Tokyo

The Japanese government has made its strongest statement yet in support of ratification of the Kyoto Protocol.

The statement, issued by a working group on global warming chaired by the prime minister, Junichiro Koizumi, says that Japan should “pursue the approval of the Kyoto Protocol and passage of relevant bills for its establishment” during this session of its parliament, the Diet, which ends on 19 June.

The working group also encouraged the amendment of an energy-efficiency law and the creation of a new law to promote the use of electricity from renewable sources.

The statement, which could open the way for Japan and Europe to implement the protocol without the support of the United States, was issued as US President George W. Bush arrived in Japan, having just released his own, minimalist strategy for dealing with climate change (see page 821).

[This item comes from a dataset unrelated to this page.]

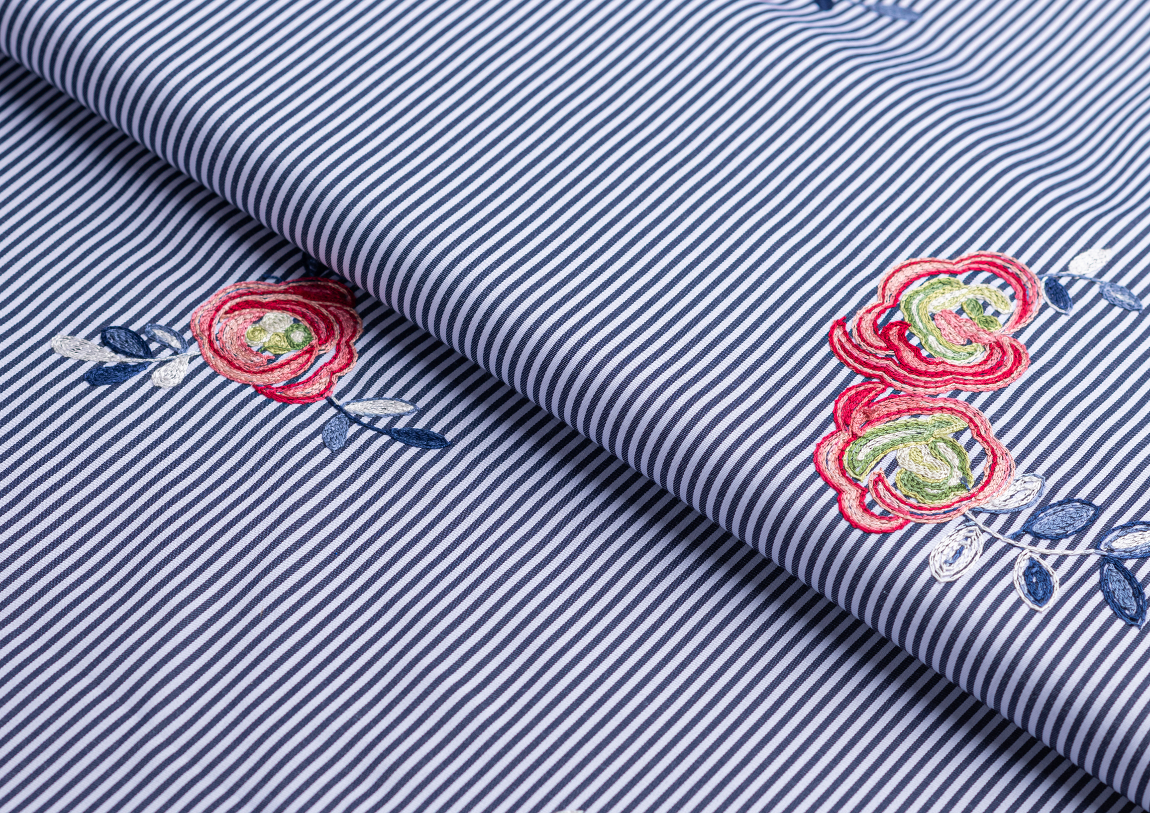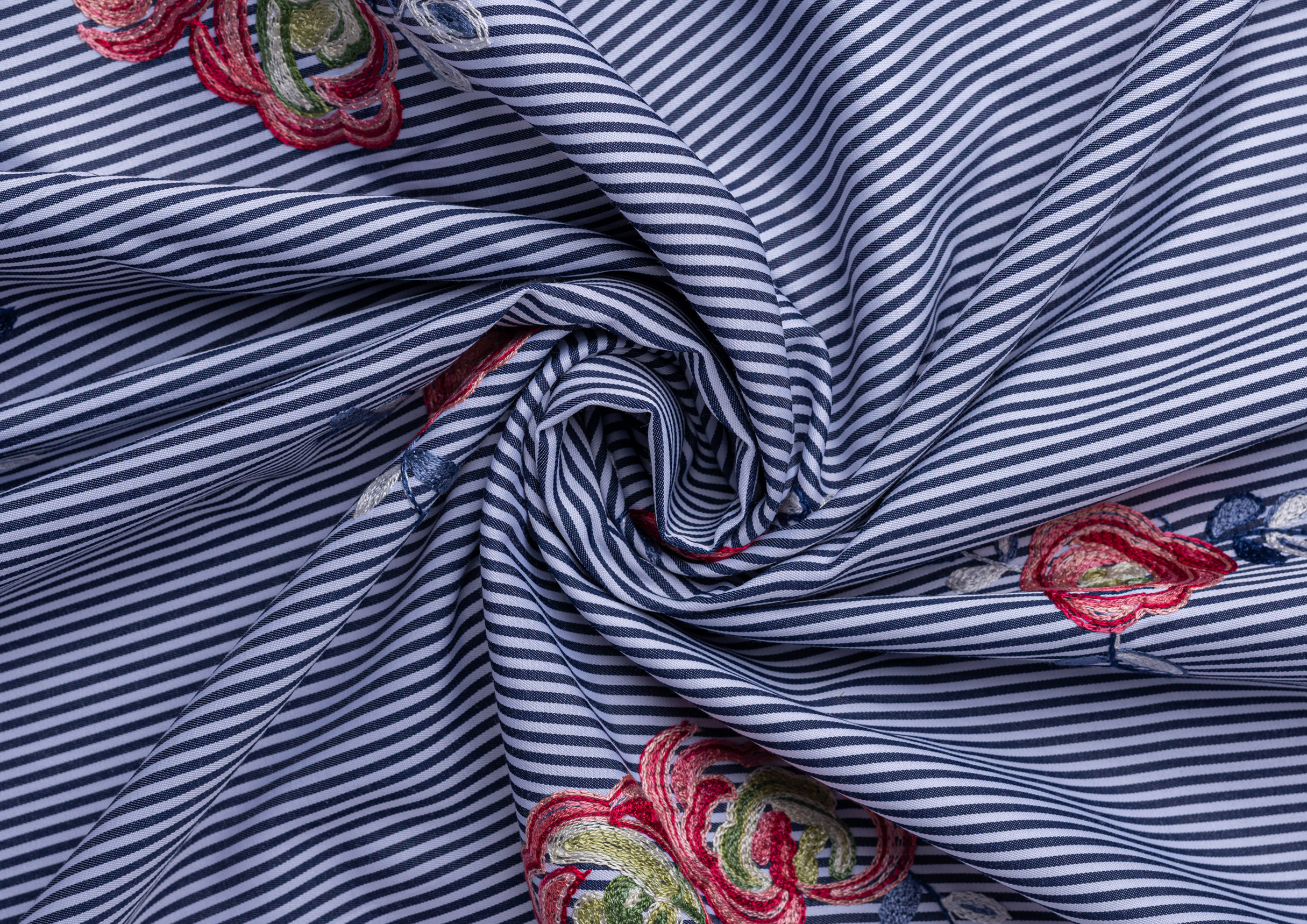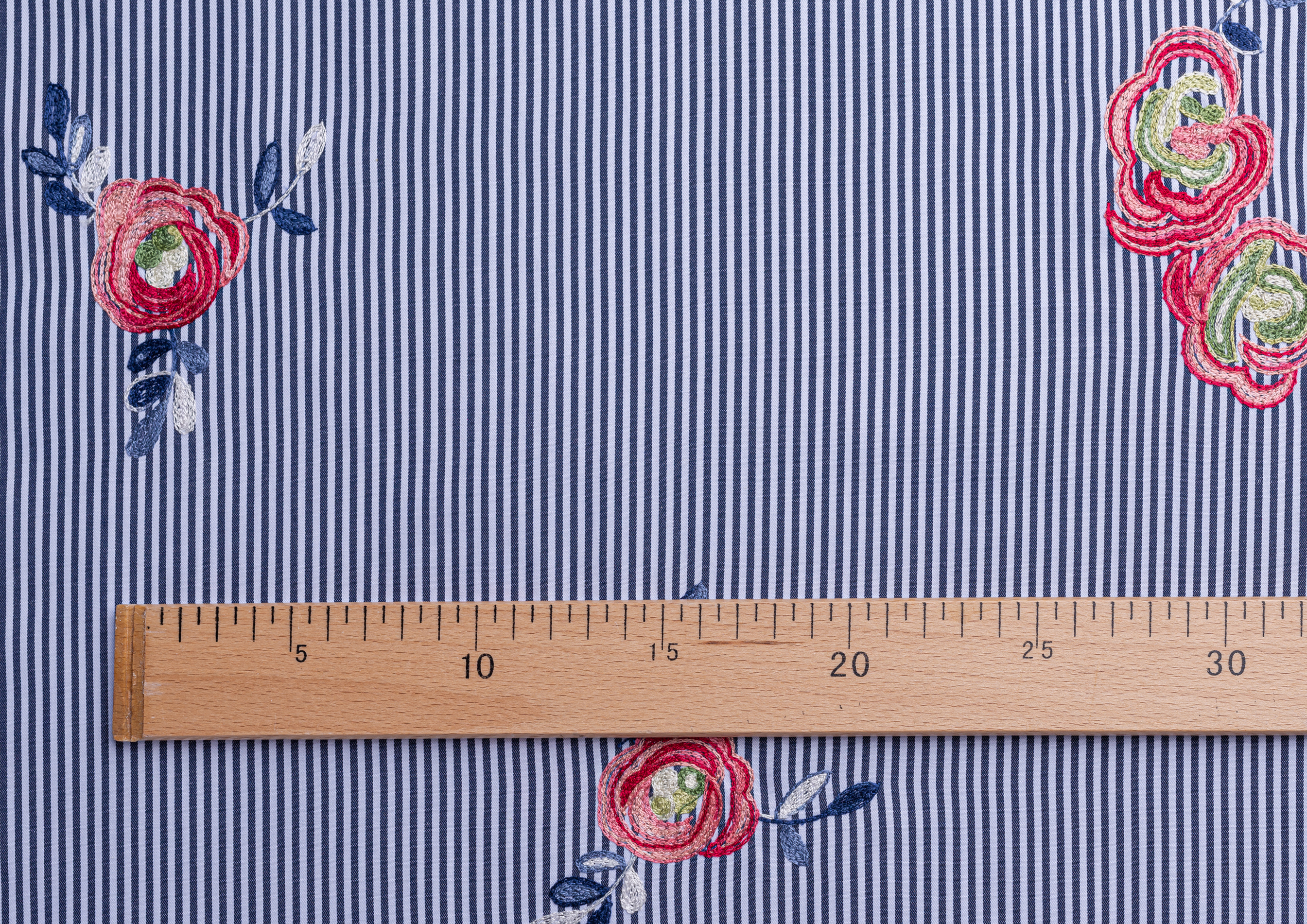 Ткань Коттон полоска с вышивкой №2 черный

“As soon as possible, we want to push forward with the ratification of the treaty and with the establishment of the means for achieving the goals,” says Hiroshi Ohki, Japan's environment minister.

Ohki says he hopes that the United States will still participate in the Kyoto treaty, although he also approves of the latest US effort to “create a concrete plan of their own”.

Questions remain about Japan's readiness to make genuine cuts in its carbon emissions. The powerful Keidanren industrial group has lobbied with apparent success against laws that would impose such cuts, and against taxes on emissions.

“Industrial groups like Keidanren have pushed for voluntary measures,” says Ohki. “Whereas the focus of the US plan is on voluntary compliance, in Japan there will be a mix of both compulsory and voluntary measures,” he says. The first phase of the protocol, in 2002–04, will depend mainly on voluntary compliance, according to officials at Japan's economic ministry.

Some Japanese researchers are also sceptical about the treaty's actual impact. “The wide range of uncertainty, in things like absorption of CO2 by forests, has become a tool of negotiation,” says Syukuro Manabe, of the Frontier Research System for Global Change in Tokyo. “As far as I can tell, the Kyoto Protocol hasn't shown us how to deal with these problems.”

Ratification “could be an embarrassment, if Japan joins and then just keeps missing targets,” says another researcher, at the National Institute of Environmental Studies in Tsukuba.